阪神・淡路大震災──これほど多くの人々の心を捉えた出来事があったでしょうか。 おびただしい死者の数、倒壊したビルや家屋、プライバシーのない避難所生活‥‥近代文明を謳歌していたはずの日本で、まさかこんなことが起こるとは、誰も想像していませんでした。
しかし、こうした中で、「何かできるのではないか」「何かしたい」「力になりたい」との熱い思いに駆られて、多くの人がボランティアとして現地に向かいました。学生をはじめ、サラリーマン、主婦、医師と、普通の市民がかつてない規模で動き出し、まさに「ボランティア元年」と呼ぶにふさわしい状況になったのです。

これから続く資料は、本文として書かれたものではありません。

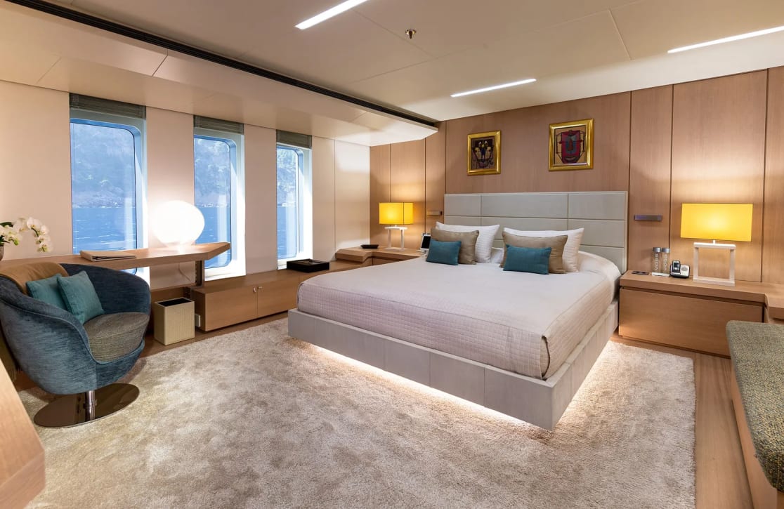 Stella Maris welcomes up to 12 guests in seven exquisite cabins, each a haven of comfort and elegance. The master suite offers a private retreat with panoramic views, while two VIP cabins and additional double and twin cabins provide a luxurious sanctuary for family and friends. Each morning, wake to the gentle sway of the yacht and the promise of a day filled with exploration and relaxation. The dedicated crew of nineteen ensures every detail is attended to, creating a seamless and memorable experience.

私たち「ファミリー国立」も、そうした熱い思いを抱く人たちにより、震災直後の1月下旬に結成され、2月3日から4月15日までの期間に、神戸市東灘区の魚崎小学校へ80名余りのボランティアを派遣してきました。そして、そこでの活動を通じて、いろいろなことを見、聞き、感じ、多くのことを考えさせられました。震災から時が経った今でも、この思いはなお生き続けています。
そうした思いから、この活動の経験をそのまま風化させることなく、これからのボランティア社会に生かしていくために、報告書という形で活動を記録に残していくことにしました。自分たちの活動を振り返り、何ができ、何ができなかったかを整理するとともに、社会や第三者から自分たちの活動がどうであったのかを評価してもらうことで、これからの支援のあり方や方法などを考えていきたいと思ったのです。
しかし、この報告書の作成に当たっては、単にこれまでの活動記録をまとめるような「報告書」を作ることはあえて避けて、活動を体験していない人にもその実態がわかるよう、わかりやすく読み応えのある物を目指して製作してきました。そのため、内容についてはきっと満足していただけるものになったと自負しています。そして、読み進むうちに、ボランティアにとっての「探し物」が何だったのかも自ずとわかってくることでしょう。
この活動報告書がより多くの人に読まれ、災害時のみならず、今後の社会を考えていく上で何らかの役に立つことを願っています。
なお、本活動報告についての忌憚のないご意見・ご感想をお寄せいただければ幸いです。